On Dec 8, 2006, at 7:30 PM, Gary Ruben wrote:
Can you suggest something existing for the extra markup? I've never used anything fancier than plain docstrings. The other existing options seem to be (from a brief look)
reST/docutils epydoc pythondoc doxygen happydoc
Right. These all exist. They all have their issues and their benefits. I just don't see a need for yet another one. We happen to use the epydoc tool to process reST markup.
I like the idea of supporting LaTeX markup, cross references.
Alan addresses this.
I like the idea of supporting matplotlib examples (opinions?).
Supporting how? You certainly can have matplotlib code in doctest lines and you can use reST's ..image:: declaration to include output in your documentation.

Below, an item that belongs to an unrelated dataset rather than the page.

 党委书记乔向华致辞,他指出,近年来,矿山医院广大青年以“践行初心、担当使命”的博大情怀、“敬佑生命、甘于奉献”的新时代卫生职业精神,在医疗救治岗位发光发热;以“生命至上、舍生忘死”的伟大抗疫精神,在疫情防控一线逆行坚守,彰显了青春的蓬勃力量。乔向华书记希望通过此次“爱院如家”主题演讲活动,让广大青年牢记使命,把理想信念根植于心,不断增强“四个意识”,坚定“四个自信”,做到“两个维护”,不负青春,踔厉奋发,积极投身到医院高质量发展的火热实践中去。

I like Mark's idea of a wiki page per function/class/module if it can be done. I also don't mind William's YADMUS.
It's not that I mind his markup; it's that I don't think Python benefits from having at least a half-dozen of them. If the energy that went into developing reST, epydoc, pydoc, doxygen for Python, happydoc, and SAGE-YADMUS had gone into improving any one of them, I think the entire Python community would be better off.

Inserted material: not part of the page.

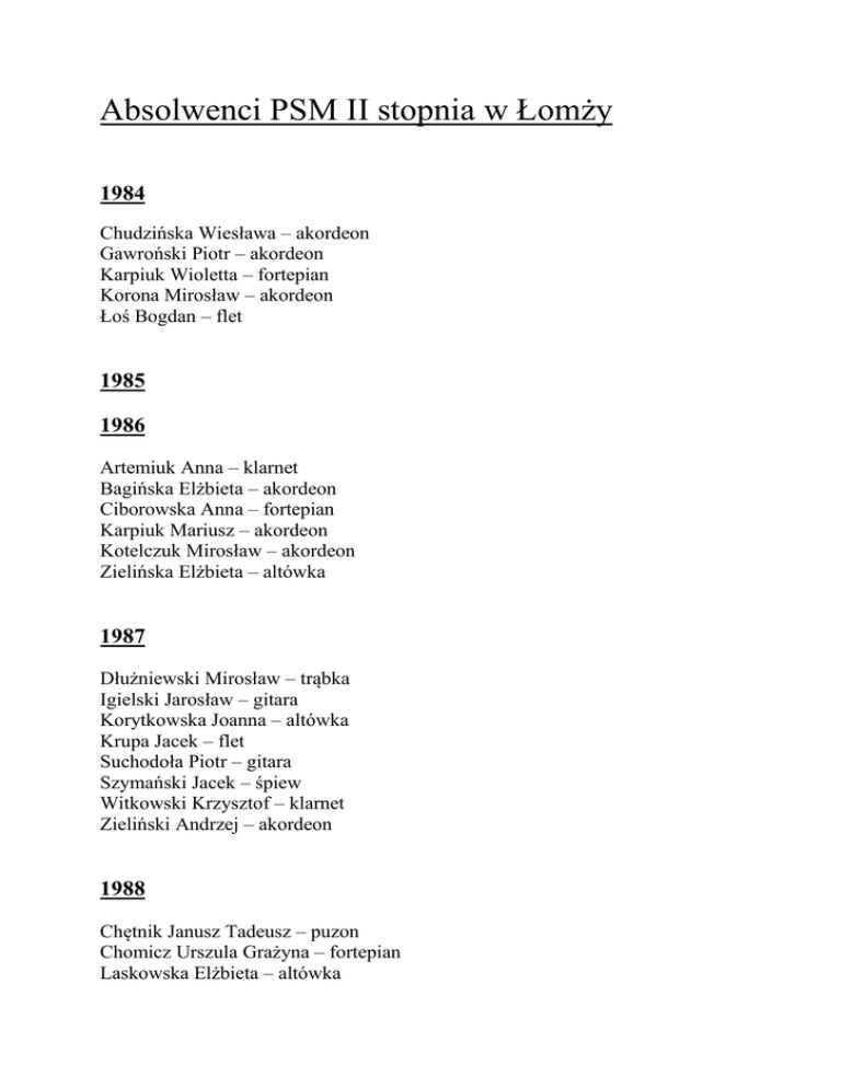 Absolwenci PSM II stopnia w Łomży 1984 Chudzińska Wiesława – akordeon Gawroński Piotr – akordeon Karpiuk Wioletta – fortepian Korona Mirosław – akordeon Łoś Bogdan – flet 1985 1986 Artemiuk Anna – klarnet Bagińska Elżbieta – akordeon Ciborowska Anna – fortepian Karpiuk Mariusz – akordeon Kotelczuk Mirosław – akordeon Zielińska Elżbieta – altówka 1987 Dłużniewski Mirosław – trąbka Igielski Jarosław – gitara Korytkowska Joanna – altówka Krupa Jacek – flet Suchodoła Piotr – gitara Szymański Jacek – śpiew Witkowski Krzysztof – klarnet Zieliński Andrzej – akordeon 1988 Chętnik Janusz Tadeusz – puzon Chomicz Urszula Grażyna – fortepian Laskowska Elżbieta – altówka Serdyńska Marta – fortepian Tomaszewicz Andrzej – skrzypce Witkowski Janusz – trąbka 1989 Ciborowska Iwona – wiolonczela Łoniewska Ewa – fortepian Siwek Agata – fortepian Skawski Ireneusz – akordeon Stankiewicz Beata – skrzypce 1990 Borawska Cecylia – gitara Gajdziński Wiesław – saksofon Gancarz-Piejdak Małgorzata – gitara Jakubowski Dariusz – akordeon Krajewski Adam – gitara Obrycki Mariusz – akordeon Paduch Tomasz – akordeon Sokołowski Andrzej – gitara Tracz Krzysztof – trąbka Waśko Marta – akordeon 1991 Białobrzeski Jarosław – puzon Gromadzka Elżbieta – flet Hołubowicz Jolanta – akordeon Milewska Dorota – flet Popławska Marzanna – akordeon Ramotowski Daniel – puzon, akordeon Szenk Aleksandra – fortepian 1992 Czartoryski Sebastian – trąbka Górtatowska Agnieszka – skrzypce Kowalewski Adam – kontrabas Mielechowicz Agnieszka – fortepian Stańczyk Tadeusz – puzon Wejs Sylwia – wiolonczela Wiski Sylwester – trąbka Włodkowski Artur – klarnet Wronowski Robert – altówka Wybraniak Ireneusz – akordeon 1993 Barcewicz Elżbieta – flet Bąkowska Hanna – skrzypce Dziedzic Bogusław – fortepian Kosińska Agnieszka – fortepian Rybicki Andrzej – puzon 1994 Bielicka Agnieszka – fortepian Brożyna Anna Izabela – fortepian Gaś Jarosław – perkusja Leszczyńska Anna Maria - fortepian Saniewska Edyta – fortepian Szczechowski Jacek – trąbka 1995 Bąkowska Jolanta – fortepian Czochański Jarosław – saksofon Grzelecki Sebastian – klarnet Karpowicz Grzegorz – trąbka Kowalik Bogdan – kontrabas Kozera Anna Natalia – fortepian Kryńska Małgorzata Karolina – fortepian Mydłowski Przemysław Józef – wiolonczela Sadłowska Monika – altówka Synow Magdalena – altówka 1996 Dąbrowski Piotr – klarnet Grodzka Ewa – klarnet Konopka Kamil – fortepian Pawelczyk Joanna – flet Sulkowski Piotr – trąbka 1997 Chmielewska Barbara – fortepian Czerska Anna Maria – flet Grzybała Joanna – gitara Jadacki Adam – trąbka Kalinowska Małgorzata – altówka Karasiewicz Agnieszka – wiolonczela Prusinowska Agnieszka – fortepian Ruda Katarzyna – flet Świetlik Tomasz – akordeon Żulikowska Olga – gitara 1998 Murawska Izabella – fortepian Nadolna Beata Anna – fortepian Pomichowska Mirosława – fortepian Przystańska Monika – fortepian Rabczyńska Marta – flet Rożniatowska Agata Elżbieta – akordeon Rutkowski Karol – klarnet 1999 Bogucka Agnieszka – klarnet Pakosińska Karolina – fortepian Sierzputowski Wojciech – klarnet Śledziewska Dorota – wiolonczela Toczyłowska Renata – fortepian Woleńska Katarzyna – gitara 2000 Kryspin Piotr – akordeon Mocarski Bartłomiej – akordeon Nitkiewicz Bartosz – skrzypce Puławski Marcin – saksofon Zugaj Jan – skrzypce 2001 Dubowski Sławomir – klarnet Kęsik Anna – flet Mieczkowska Anna – fagot Młynarczyk Agata – wiolonczela 2002 Borusiewicz Kamil – trąbka Falkowska Magdalena – fortepian Kamińska Monika – skrzypce Łada Roman – akordeon Mieczkowski Mariusz – gitara Perkowski Dawid – klarnet Żłobiński Tomasz – puzon 2003 Jarzyło Artur – saksofon Klocek Przemysław Zbigniew – klarnet Marzęcka Ludmiła – wiolonczela Swajda Tomasz – perkusja Zeszut Maciej – klarnet 2004 Boguska Żaklina – skrzypce Borkowski Michał – akordeon Czajkowski Michał – fortepian Gawryluk Jarosław – akordeon Marusiak Andrzej – skrzypce Nierodzik Magdalena – skrzypce Olchowik Michał – akordeon Szabłowska Marta – skrzypce Wieremiejewicz Marek – perkusja 2005 Błoński Michał - trąbka Duda Justyna - fagot Kulczyńska Alicja - gitara 2006 Kowalczyk Marcin - fortepian Korona Łukasz - skrzypce Niska Izabela - klarnet 2007 Gliński Krystian - klarnet Grądzka Anna - flet Kotelczuk Olga - skrzypce Lipiński Paweł – fortepian Żłobiński Piotr - perkusja 2008 Borusiewicz Maja - skrzypce Malewska Elżbieta – fortepian Obrycki Michał - gitara Selerowski Adam - klarnet Staniszewska Magdalena - skrzypce 2009 Knapkiewicz Michał – tuba Knapkiewicz Małgorzata – fortepian Lewiarz Piotr - trąbka Lipski Marek - fortepian 2010 Bajno Paulina - saksofon Chylińska Agata - klarnet Gorczyca Krzysztof - puzon Jasionowski Paweł - saksofon Okołowicz Julia - wiolonczela Parzych Agnieszka - klarnet Rutkowska Maja - wiolonczela Żelechowska Agata – fortepian 2011 Komorowski Piotr - akordeon Konieczny Jakub - gitara Mariak Kamil - gitara Szymkiewicz Magdalena – altówka Szabłowska Justyna - wiolonczela Wszeborowska Patrycja - altówka 2012 Biłda Aleksandra - skrzypce Bućko Ziemowit - gitara Dąbrowska Bogumiła - skrzypce Jankiewicz Mateusz - akordeon Malinowska Katarzyna - wiolonczela Niedzielski Emil - trąbka Skrodzka Weronika - wiolonczela 2013 Chaberek Wioletta - skrzypce Kowalczyk Albert - fortepian Lewiarz Adela - skrzypce Lipski Łukasz - skrzypce Markowska Olga - wiolonczela Maciejewska Aleksandra - skrzypce Przystępski Dawid - altówka Zeszut Mateusz - trąbka 2014 Domalewska Katarzyna - skrzypce Ejsmont Aleksandra - obój Jastrzębski Mateusz - akordeon Łepkowski Mariusz - perkusja Markowska Martyna - altówka Przystępski Dawid - klarnet Rogi

The problem I see with plain doctests is that you can't easily choose to run, say, just the 3rd example out of 5 without specifying some sort of delineation between them, but this would be easy; something like: # Ex1: or Ex2 etc. between each doctest.
I'm not sure exactly what you mean by this. We have full examples of different applications of FiPy. Those are each in individual files where the entire thing is just a big docstring, including doctest lines, with a little bit of code at the end to take care of loading the doctest lines and running them. Those individual scripts can be run on their own (although simply as scripts, not as doctests). We also document the usage of individual methods with specific doctests. I can't imagine why I'd want to just run one of them.